Lin's English voice acting was done by Cassandra Lee Morris. She auditioned and won the role despite the only direction she was originally given was that the video game involved "space travel". Morris sought to preserve Lin's characteristics as strong female figure in her portrayal, describing her as "super smart and very self-reliant... She can cook dinner and also kick your ass." Morris's take on the character did however include using a deeper, older sounding voice for Lin, because it was believed that Western audiences would find the high-pitched Japanese version "grating". She voiced between 1,600 and 1,800 lines of dialogue for Lin—above average for a video game.

==Reception==
Lin's overall character was generally well received by critics. Numerous journalists noted Lin as one of the few standout characters in the game that received notable character development, and praised the humor she introduced into the game, notably the jokes about cooking and eating the character Tatsu. IB Times referred to her as "funny, impulsive, and actually rather enjoyable to watch...She's got a lot of fun dialogue, though it's a bit hard to believe that she's 13."

Lin's revision in costume design and age from her original portrayal in Xenoblade X's Japanese release to her portrayal in Western releases in North America and Europe elicited much discussion from journalists in regards to censorship and differing cultural values. While her original costume was interpreted as shocking or inappropriate by Western audiences, it was seen much more as normal and mundane in Japan. Western websites had mixed reactions to the changes. Websites like IGN and VG247 decried the changes as censorship. Others were more supportive of the changes. Kyle Nofuente of Tech Times found the changes to be "reasonable enough to tone down Lin's sexuality to a level more appropriate for her age" but conceded that Nintendo's fanbase may not be as understanding, considering the negative reaction similar changes to Fatal Frame: Maiden of Black Water. Tatiana Morris of GameZone expressed similar sentiments, stating that, while she was initially surprised at how much of Lin's design had been changed, and would usually be against it, but ultimately felt that the combination of the revealing outfits and Lin being under 18 was enough to warrant the changes in her eyes. Siliconera also felt that her age made the changes "understandable". Tom Phillips of Eurogamer found Lin's revealing costume choices questionable regardless of her age, referring to it as an "eye-opening choice of outfit for an adventurer readying for battle."

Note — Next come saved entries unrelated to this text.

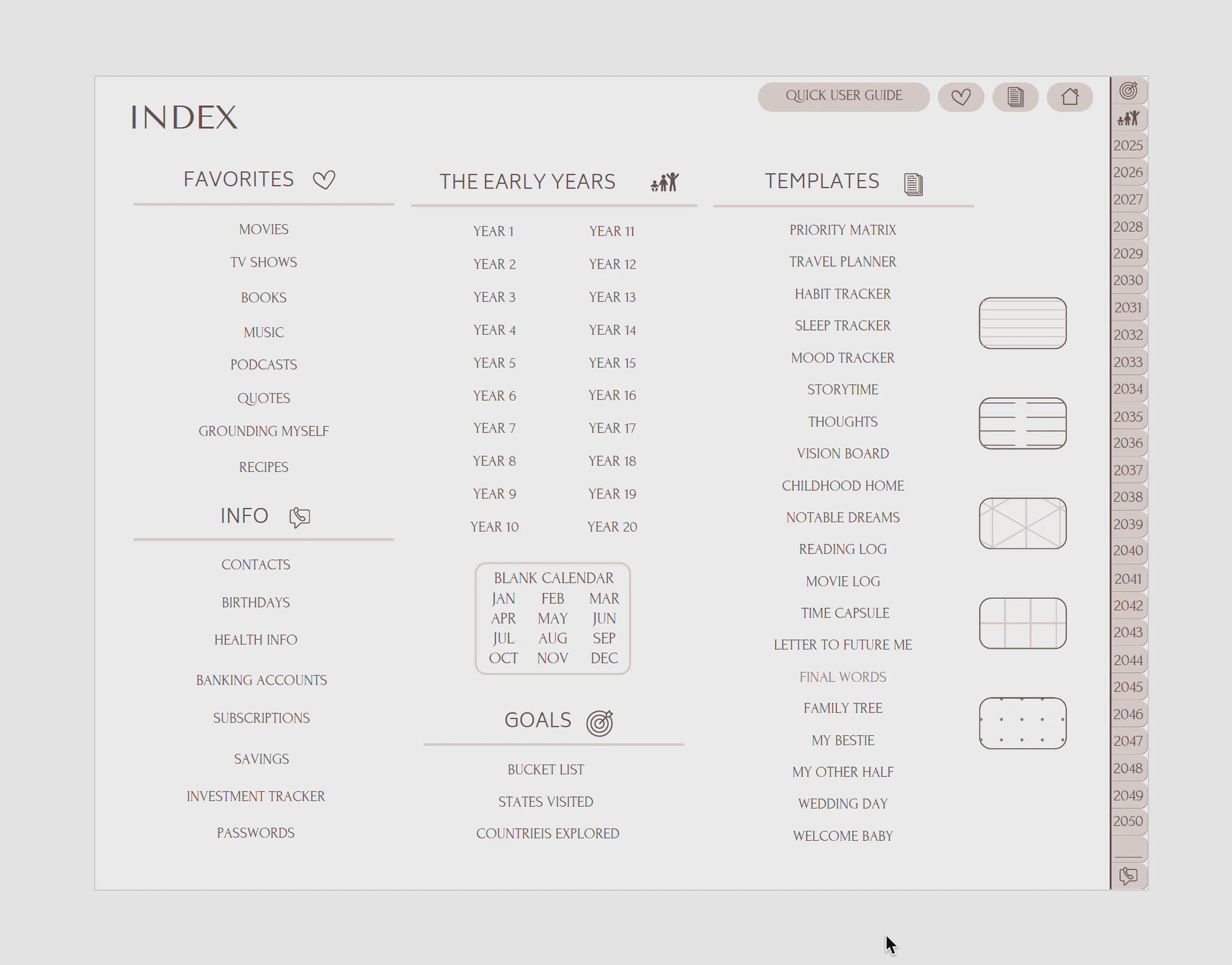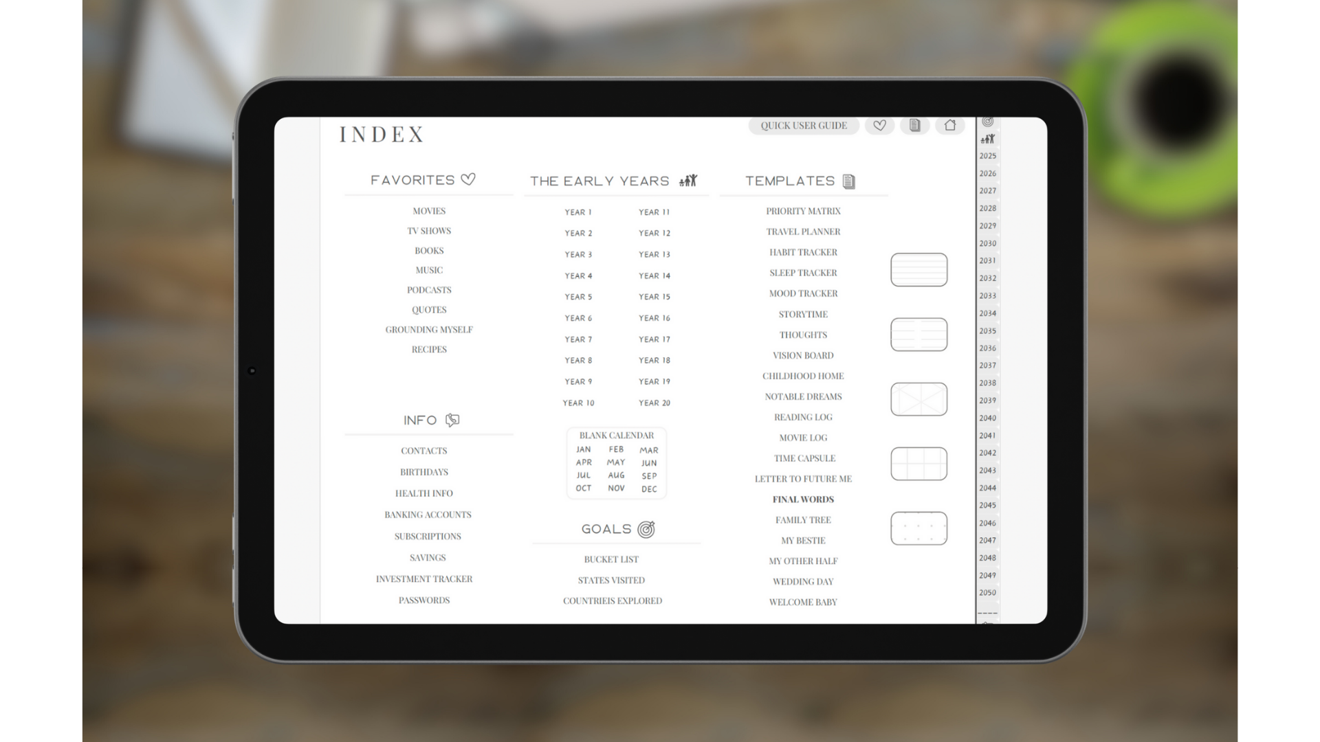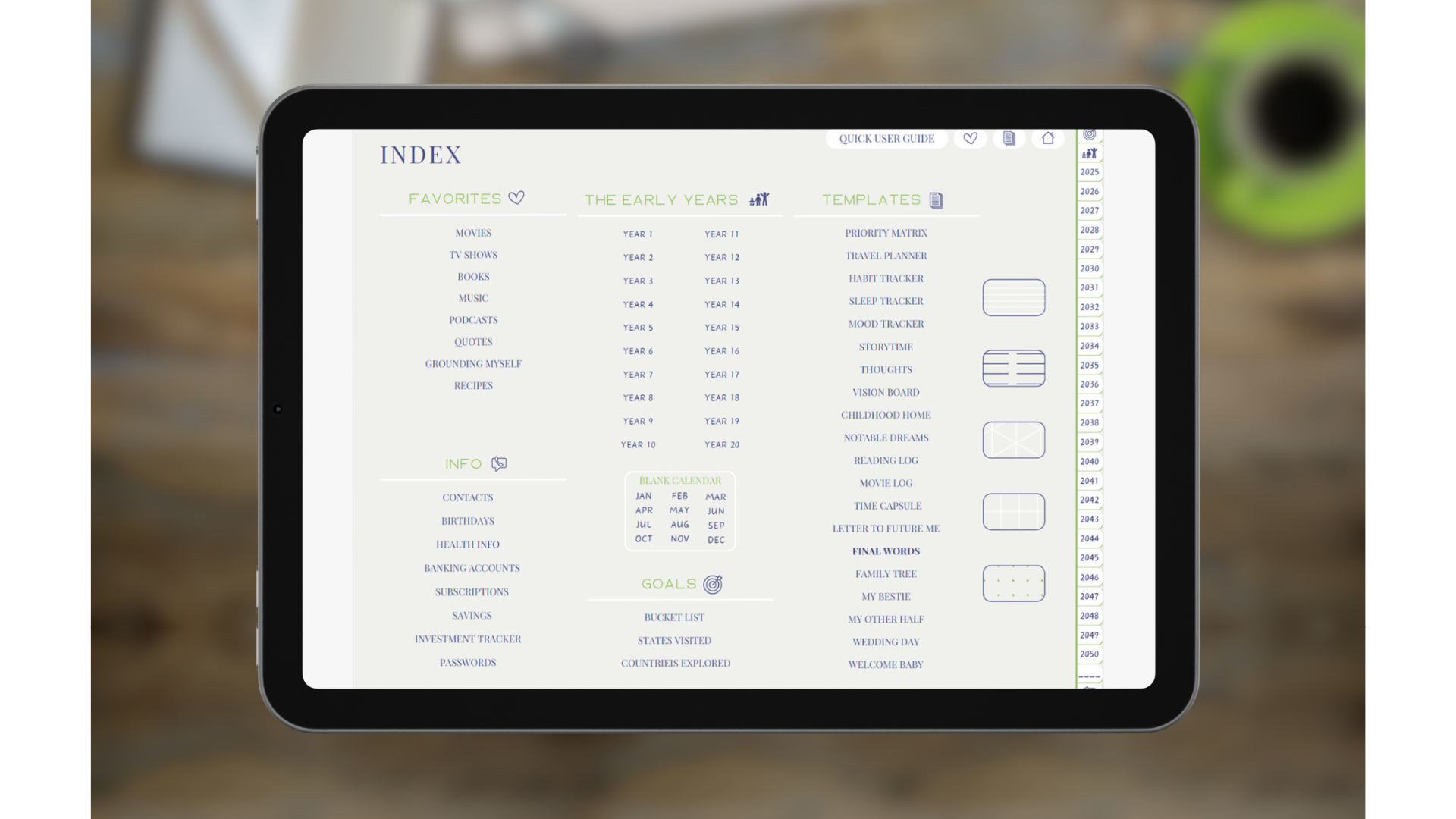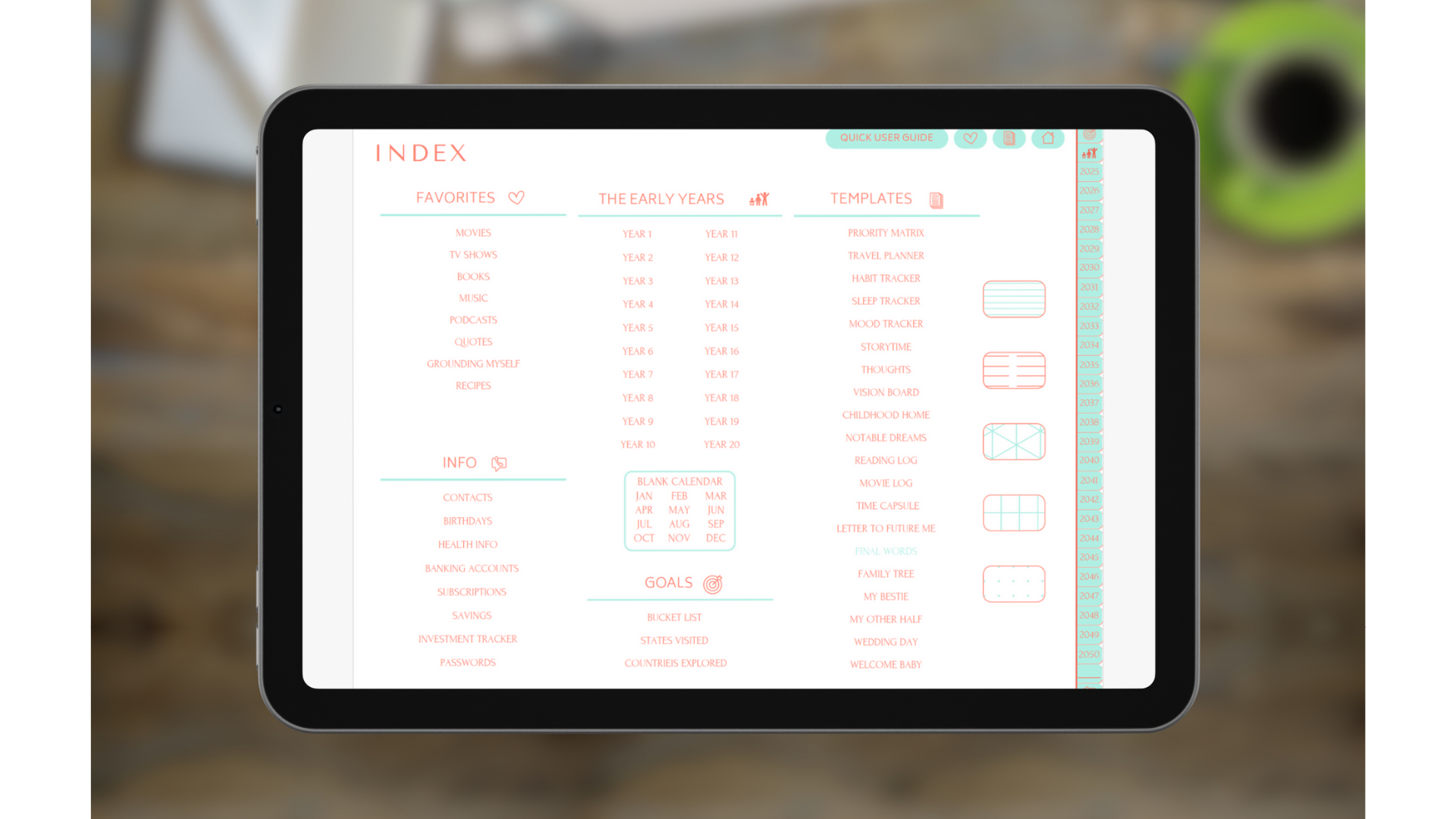 Blending journaling, scrapbooking, planning, and tracking, this interactive memoir is thoughtfully structured with hyperlinks for seamless navigation and made for apps like GoodNotes and Notability.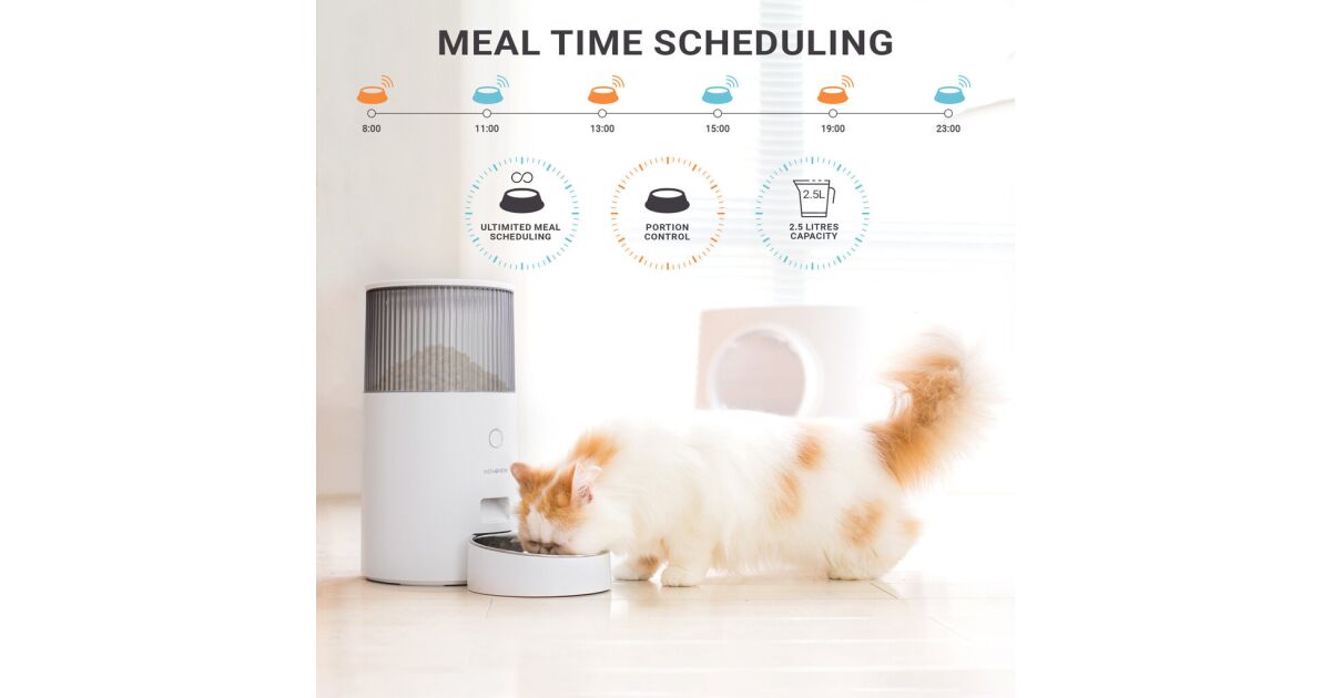 Karmnik wykonany jest z przyjaznych dla środowiska materiałów spożywczych, co zapewnia bezpieczeństwo karmienia zwierząt i dostarcza im radości i przyjemności. Zapewnia szczelne i suche przechowywanie karmy dla kota, gwarantując świeżość każdego posiłku. Interaktywne karmienie za pomocą aplikacji. Funkcja automatycznego karmienia pozwala łatwo karmić zwierzaka zgodnie z ustalonym harmonogramem. Natychmiastowe karmienie za pomocą aplikacji pozwala karmić zwierzaka o każdej porze i w dowolnym miejscu z połączeniem sieciowym. Specjalna technologia zapobiega przywieraniu jedzenia, eliminując niepotrzebne zmartwienia. Kontrola porcji. Za pomocą aplikacji możesz ustawić liczbę karmień dziennie i ich objętość, pomagając utrzymać zdrową dietę Twojego zwierzaka. Pełna kontrola i śledzenie diety pozwala monitorować odżywianie Twojego zwierzaka, zapewniając mu zdrowe życie. Zwiększona pojemność przechowywania. Karmnik o pojemności 2,5 litra jest zawsze szczelny, a świeże pojemniki zapewniają wystarczającą ilość pożywienia dla Twojego zwierzaka. Możesz być pewien jego codziennego odżywiania, nawet gdy jesteś poza domem, skupiasz się na pracy lub cieszysz się wakacjami. Obsługiwane produkty spożywcze. Podajnik jest kompatybilny z suchą karmą o średnicy od 5 do 35 mm, co jest szczególnie ważne dla zwierząt karmionych karmą dentystyczną, która zazwyczaj jest większa niż standardowa. Kompatybilność z częstotliwościami 5 GHz i 2,4 GHz. Najnowsze technologie pozwalają na pracę zarówno na częstotliwościach 5 GHz, jak i 2,4 GHz, redukując opóźnienia i zapewniając stabilne połączenie.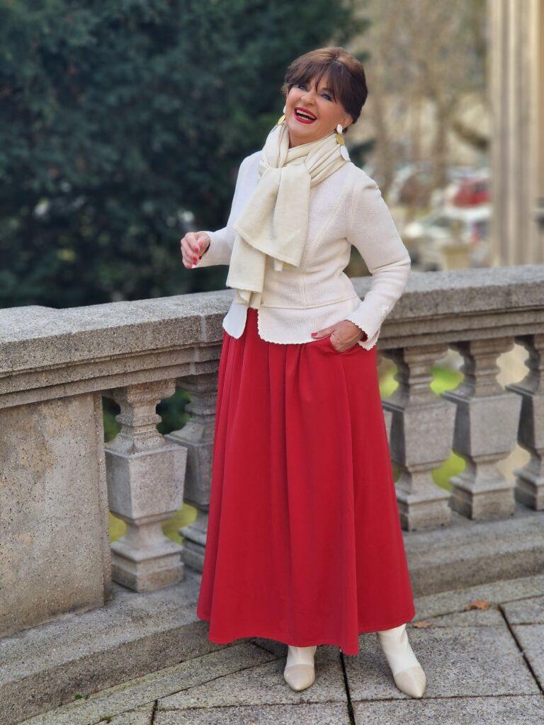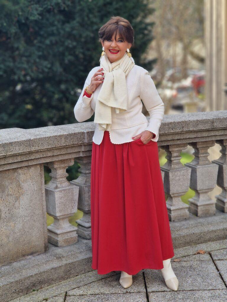 Ein Maxikleid in ROT ist der Inbegriff von Weihnachtsstimmung. Ich kombiniere es mit einen cremefarbigen Trachtenjanker, einem kuscheligen Kaschmirschal und passenden Accessoires, wie große Ohrringe, helle Tasche und helle Stiefel.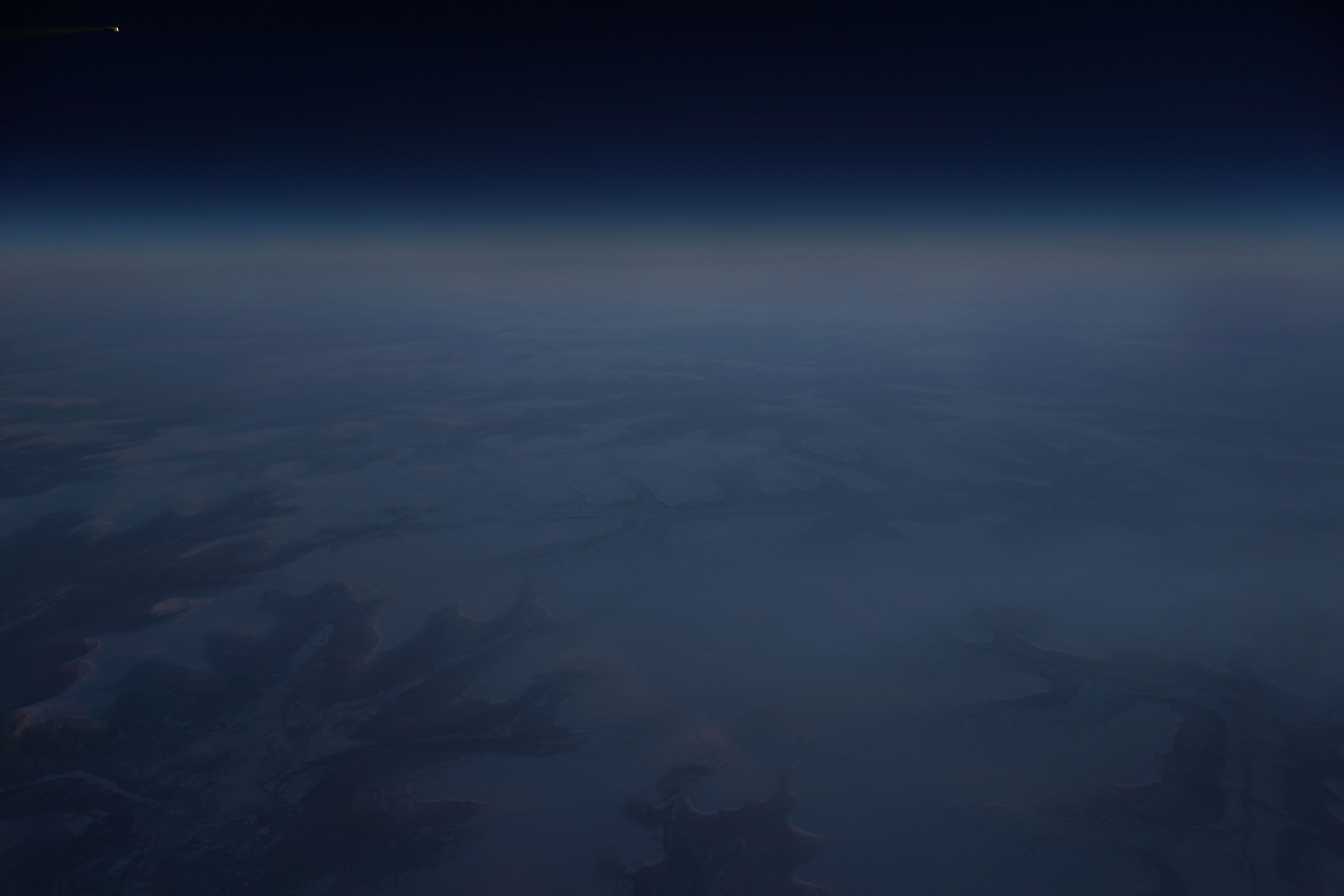 飛行機の窓からスカイHDRを使ってみたら、このような写真が撮れました。 夕暮れ後のちょっと暗くなってきた時間帯です。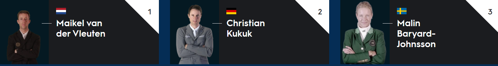 Al termine della sesta tappa del Longines Global Champions Tour conduce la classifica provvisoria proprio Van Der Vleuten con all’attivo 175 punti, seguito dal teutonico Christian Kukuk con 134.2 e l’amazzone svedese Malin Baryard-Johnsson in terza posizione con un totale di 130.14; ancora un’amazzone detiene la quarta posizione si tratta di Edwina Tops-Alexander per l’Australia con 117 punti.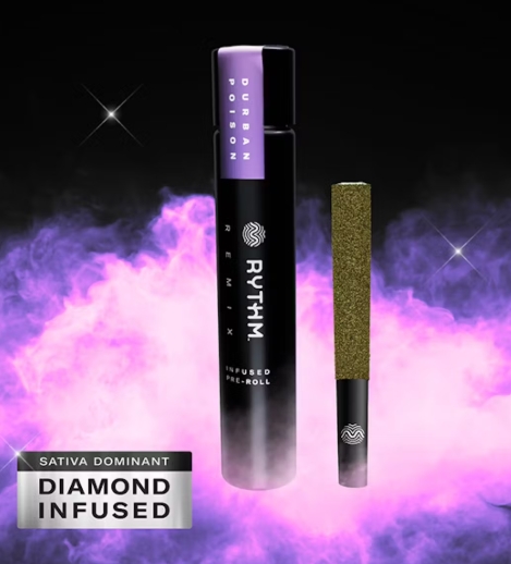 A sativa-dominant strain with a complex palette of sweet, earthy, piney flavors, Durban Poison is known to keep energy sparked. Remix pre-rolls feature RYTHM premium indoor flower double infused with THCa diamonds and kief for maximum potency and fine-tuned with 100% natural terpenes.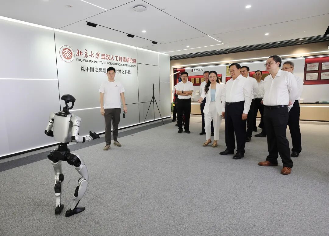 北京大学武汉人工智能研究院是由北京大学、武汉市、东湖高新区共建的新型研发机构,致力于“数字智能”“社会模拟”和“具身智能”研究。王忠林走进研究院,察看人形机器人最新研发成果和大型社会模拟器情景演示,与研究院首席科学家朱松纯等科技工作者亲切交流。王忠林对研究院依托人工智能先进技术,打造东湖高新区全国首个社区级“天—地—人”协同治理模式给予充分肯定,希望研究院积极推进教育科技人才一体化发展平台建设,构建开放共享技术生态,推动人工智能技术更好赋能智慧医疗、智慧交通、地灾防治等领域,为社会治理提供有力决策支持。

Journalists noted that many fans had negative reactions to the changes as well, complaining they constituted unnecessary censorship. The debate even inspired a response from Cassandra Morris, Lin's English voice actress who defended Nintendo's changes to the character in which she stated: "People are calling it censorship. I really see it as localisation. There are a lot of cultural differences between Japan and the US and Europe. I, personally, don't mind that Lin's outfits were changed for the US version. My hope is that players will be able to concentrate on Lin's abilities and what she can bring to your game and what she can do for the other members of her party and not just how she looks. I also think that covering Lin up a little bit will make parents more comfortable with kids playing the game, so it also opens the game up for a wider audience."
Alexandria Burlacu of Tech Times agreed with the notion, theorizing that some may feel the changes made her more believable and realistic character for Western audiences.